I didn't really know what to do, so I decided I should try Dapper and hope, that the new kernel, and the probably new lvm tools would somehow magically fix the problem. After an upgrade I booted the 2.6.15-21-686 kernel. The problem persisted. I then tried 2.6.15-22-686 which didn't help either, but produced the second major filesystem corruption I experienced. The first one was a few days ago, with an ext3 under Breezy.
I then booted the 2.6.15-22-server image, which has now been running fine for about 5.5 hours under heavy load.
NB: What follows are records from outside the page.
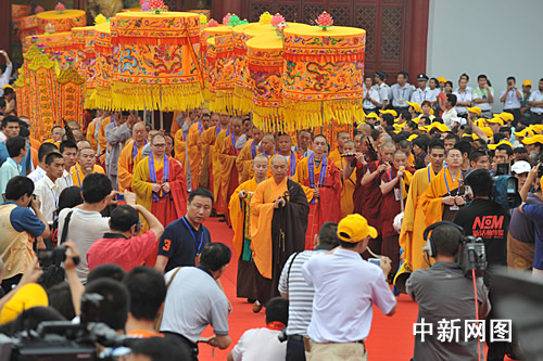 中新網(wǎng)4月28日電 近日,海南省澄邁縣千年古剎永慶寺,第七屆盈濱龍水節(jié)暨永慶寺開(kāi)光法會(huì)在此舉行。海內(nèi)外53位高僧大德聯(lián)袂開(kāi)光。海南省政協(xié)主席鐘文,省委常委、省委秘書(shū)長(zhǎng)許俊,副省長(zhǎng)符躍蘭,中國(guó)佛教協(xié)會(huì)、山西省有關(guān)領(lǐng)導(dǎo)以及主辦方代表山東魯能集團(tuán)有限公司副總裁趙健一行、澄邁縣委、縣政府領(lǐng)導(dǎo)與數(shù)萬(wàn)信眾居士共同見(jiàn)證了這一佛門(mén)盛事。
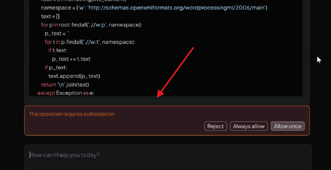 这一点我们在实测时也多次遇到,很多超越Agent权限的地方,它会单独提醒并请求用户确认授权范围。
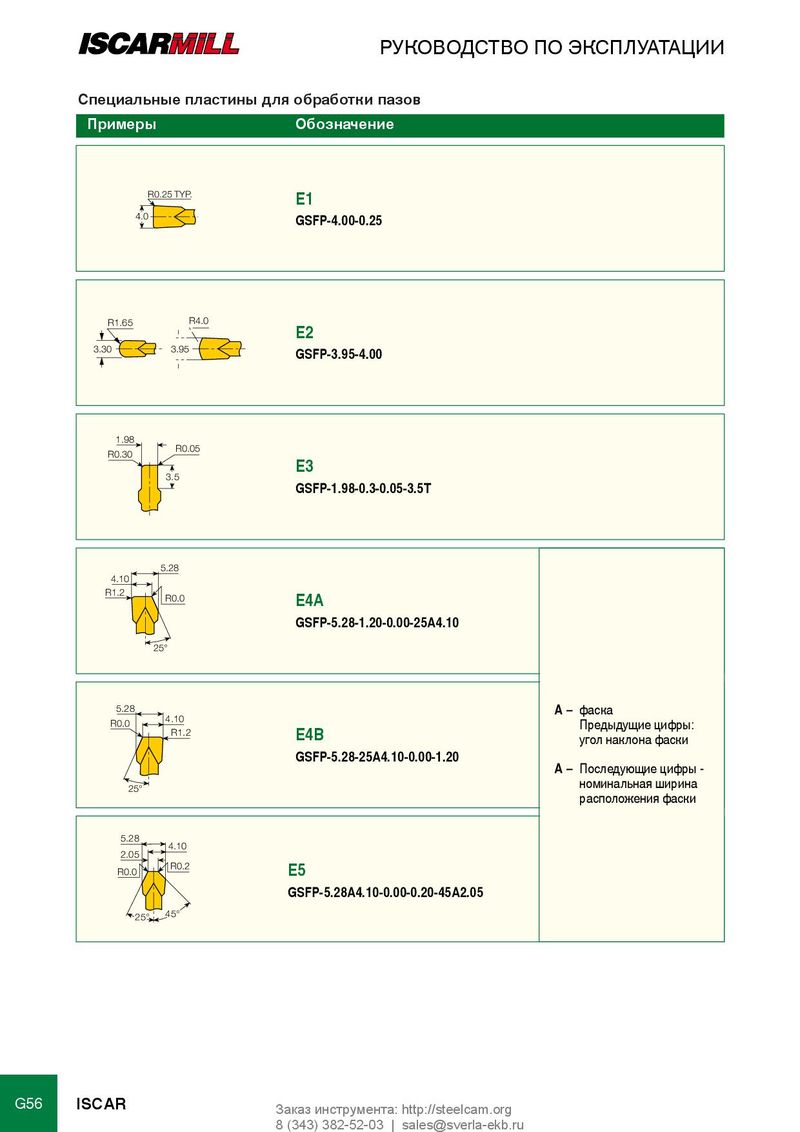 РУКОВОДСТВО ПО ЭКСПЛУАТАЦИИ Специальные пластины для обработки пазов Примеры Обозначение R0.25 TYP. E1 4.0 GSFP-4.00-0.25 R1.65 R4.0 E2 3.30 3.95 GSFP-3.95-4.00 1.98 R0.05 R0.30 E3 3.5 GSFP-1.98-0.3-0.05-3.5T 5.28 4.10 R1.2 R0.0 E4A GSFP-5.28-1.20-0.00-25A4.10 25° 5.28 A – фаска 4.10 R0.0 Предыдущие цифры: R1.2 E4B угол наклона фаски GSFP-5.28-25A4.10-0.00-1.20 A – Последующие цифры - 25° номинальная ширина расположения фаски 5.28 4.10 2.05 R0.2 R0.0 E5 GSFP-5.28A4.10-0.00-0.20-45A2.05 25° 45° G56 ISCAR Заказ инструмента: http://steelcam.org 8 (343) 382-52-03 | sales@sverla-ekb.ru

I don't know what the difference between the kernel images is, but from the 'uname -a' output I guess the server images are at least lacking the preempting support.
I never had any problems with the partition lying outside of the lvm.
The machine I'm using is an IBM xseries 205 server, with a P4 2.4GHz, 768 MB ECC RAM. The harddrives are two IBM Deskstar IC35L120AVV207-0 (I know, the dreaded Deathstar series, but as I said above, no hardware problems were reported) and one Samsung SP2014N.
If you have any questions or need more information/logs, I'll be glad to help.
If you tell me, there is nothing wrong with my setup and if it's not the expected behavior of the none-server kernels to eventually produce filesystem corruption in the described environment, I'm going to file a bug report in the next few days. Maybe it's an upstream kernel bug.